# Game #18: Lakers (8-9) @ Rockets (8-8)



## Cajon (Nov 1, 2012)

Los Angeles Lakers @ Houston Rockets
Tuesday, 04 December 2012
2000H EST
Local Channel: TWC SportsNet, CSH
National Channel: N/A



STARTING LINEUPS

Lakers
G Duhon | G Bryant | C Howard | F Jamison | F World Peace

@

Rockets
G Lin | G Harden | C Asik | F Patterson | F Parsons​


----------



## Basel (Mar 31, 2005)

I'm done trying to guess what this team will do. I just hope they play hard and smart. Kobe vs. Harden should be fun.


----------



## Jamel Irief (May 19, 2002)

The Houston front line has really come along. We still have only one road game win all year no?


----------



## Basel (Mar 31, 2005)

Jamel Irief said:


> The Houston front line has really come along. We still have only one road game win all year no?


Correct, against Dallas.


----------



## Luke (Dec 7, 2008)

Kobe/Harden will be fun. Would be great to get a road win.


----------



## DaRizzle (May 22, 2007)

Remember when we thought the Lakers were good?....and then they started playing....sigh...back in the day


----------



## PauloCatarino (May 31, 2003)

Against the Lakers, a dude named Aflallo (sp?) was 2 points shy of tying his career best in scoring (32).
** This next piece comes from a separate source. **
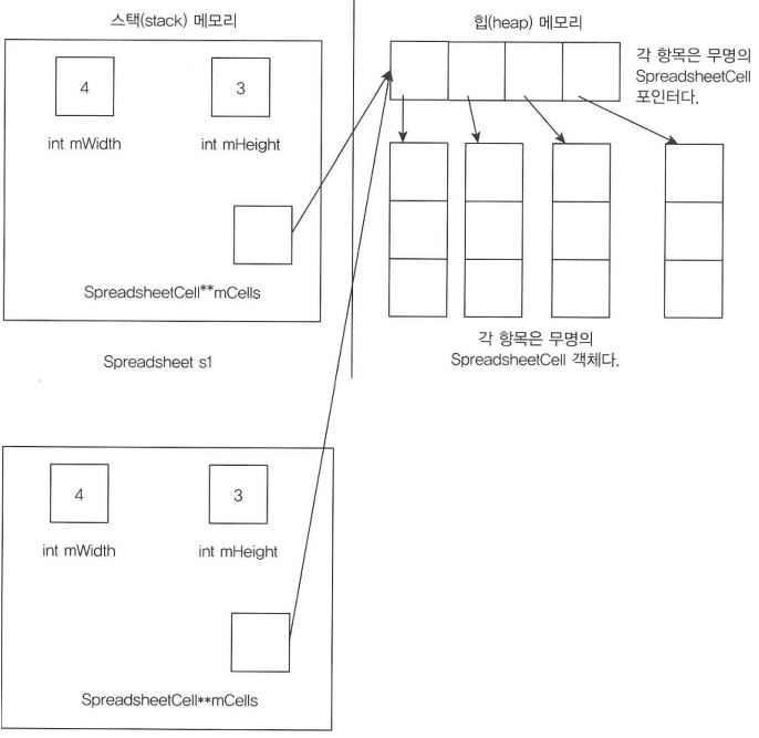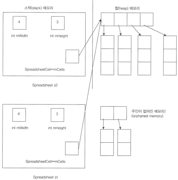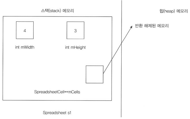 따라서, printSpreadsheet 함수의 종료 시점에 "s"객체가 소멸되면, 해당 객체가 가리키고 있던 메모리가 반환되어 "s1" 객체가 이미 반환되어 빈 메모리를 가리키고 있는 현상이 발생할 수 있습니다.

Harden should go gor 50 againtst the Lakers' swiss-cheese defense. i expect at least 7 triples by The Beard.


----------



## Basel (Mar 31, 2005)

Jeremy Lin will probably have an encore performance of the last time he played the Lakers.


----------



## Jamel Irief (May 19, 2002)

Basel said:


> Jeremy Lin will probably have an encore performance of the last time he played the Lakers.


He didn't do all that well if I remember correctly?


----------



## Basel (Mar 31, 2005)

Jamel Irief said:


> He didn't do all that well if I remember correctly?


Sorry, I meant when he was with New York.


----------



## Basel (Mar 31, 2005)

Gasol out tonight with tendinitis in both knees. Jamison will start.

Morris has also been taken out of the starting lineup and Duhon will start.


----------



## Cajon (Nov 1, 2012)

Basel said:


> Gasol out tonight with tendinitis in both knees. Jamison will start.
> 
> Morris has also been taken out of the starting lineup and Duhon will start.


Yep...



> Two new starters for the Lakers tonight vs Houston: Jamison for Pau at the four (out with tendinitis) and Duhon for Morris at the point


-Dave McMenamin



...and why Sacre was recalled too.



> Lakers recall Robert Sacre from D-Fenders http://t.co/uJxLwBqX


-Mark Medina


----------



## Basel (Mar 31, 2005)

And now they're saying he's out indefinitely but that no trade talks are in the works.


----------



## Cajon (Nov 1, 2012)

Basel said:


> And now they're saying he's out indefinitely but that no trade talks are in the works.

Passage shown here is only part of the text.